**Exercise directions**.
Nothing in the records below should be altered in the copy, although the pictures must be left out.

++++++

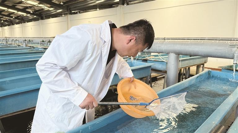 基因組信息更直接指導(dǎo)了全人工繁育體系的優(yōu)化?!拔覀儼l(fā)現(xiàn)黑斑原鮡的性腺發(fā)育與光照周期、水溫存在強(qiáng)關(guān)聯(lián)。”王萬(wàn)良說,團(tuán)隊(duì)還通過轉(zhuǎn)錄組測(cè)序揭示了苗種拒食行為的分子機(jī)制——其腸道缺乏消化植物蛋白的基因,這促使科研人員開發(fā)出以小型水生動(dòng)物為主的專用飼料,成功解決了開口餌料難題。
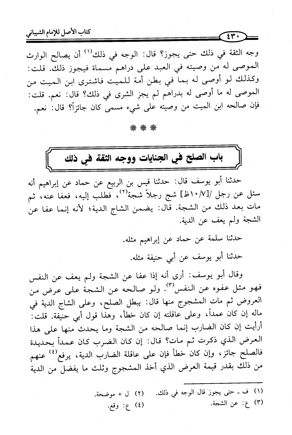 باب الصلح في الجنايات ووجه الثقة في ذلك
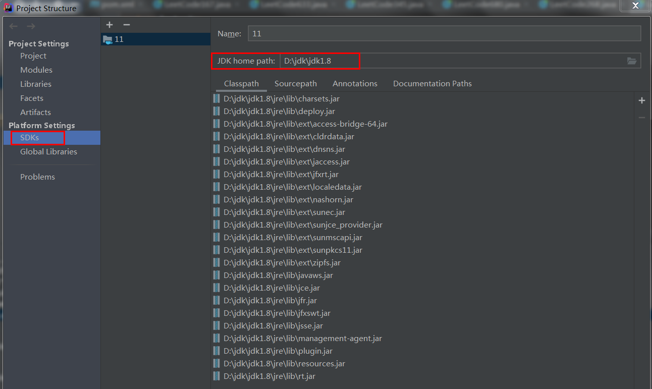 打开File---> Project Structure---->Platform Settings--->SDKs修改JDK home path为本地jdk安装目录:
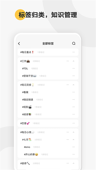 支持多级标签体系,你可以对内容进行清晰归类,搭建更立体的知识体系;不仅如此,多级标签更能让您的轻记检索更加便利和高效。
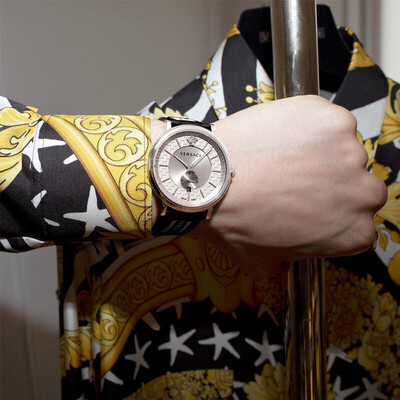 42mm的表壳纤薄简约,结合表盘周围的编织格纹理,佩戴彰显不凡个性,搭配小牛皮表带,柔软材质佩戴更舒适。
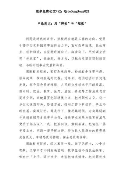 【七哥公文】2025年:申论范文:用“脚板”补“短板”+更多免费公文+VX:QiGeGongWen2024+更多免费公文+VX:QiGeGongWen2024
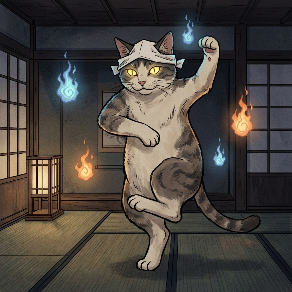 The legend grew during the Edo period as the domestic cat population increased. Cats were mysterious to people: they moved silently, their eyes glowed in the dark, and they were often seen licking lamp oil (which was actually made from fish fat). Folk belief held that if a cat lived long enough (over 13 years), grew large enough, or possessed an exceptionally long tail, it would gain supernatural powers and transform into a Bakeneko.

++++++

**Final answer**.
 基因組信息更直接指導(dǎo)了全人工繁育體系的優(yōu)化?!拔覀儼l(fā)現(xiàn)黑斑原鮡的性腺發(fā)育與光照周期、水溫存在強(qiáng)關(guān)聯(lián)。”王萬(wàn)良說,團(tuán)隊(duì)還通過轉(zhuǎn)錄組測(cè)序揭示了苗種拒食行為的分子機(jī)制——其腸道缺乏消化植物蛋白的基因,這促使科研人員開發(fā)出以小型水生動(dòng)物為主的專用飼料,成功解決了開口餌料難題。
 باب الصلح في الجنايات ووجه الثقة في ذلك
 打开File---> Project Structure---->Platform Settings--->SDKs修改JDK home path为本地jdk安装目录:
 支持多级标签体系,你可以对内容进行清晰归类,搭建更立体的知识体系;不仅如此,多级标签更能让您的轻记检索更加便利和高效。
 42mm的表壳纤薄简约,结合表盘周围的编织格纹理,佩戴彰显不凡个性,搭配小牛皮表带,柔软材质佩戴更舒适。
 【七哥公文】2025年:申论范文:用“脚板”补“短板”+更多免费公文+VX:QiGeGongWen2024+更多免费公文+VX:QiGeGongWen2024
 The legend grew during the Edo period as the domestic cat population increased. Cats were mysterious to people: they moved silently, their eyes glowed in the dark, and they were often seen licking lamp oil (which was actually made from fish fat). Folk belief held that if a cat lived long enough (over 13 years), grew large enough, or possessed an exceptionally long tail, it would gain supernatural powers and transform into a Bakeneko.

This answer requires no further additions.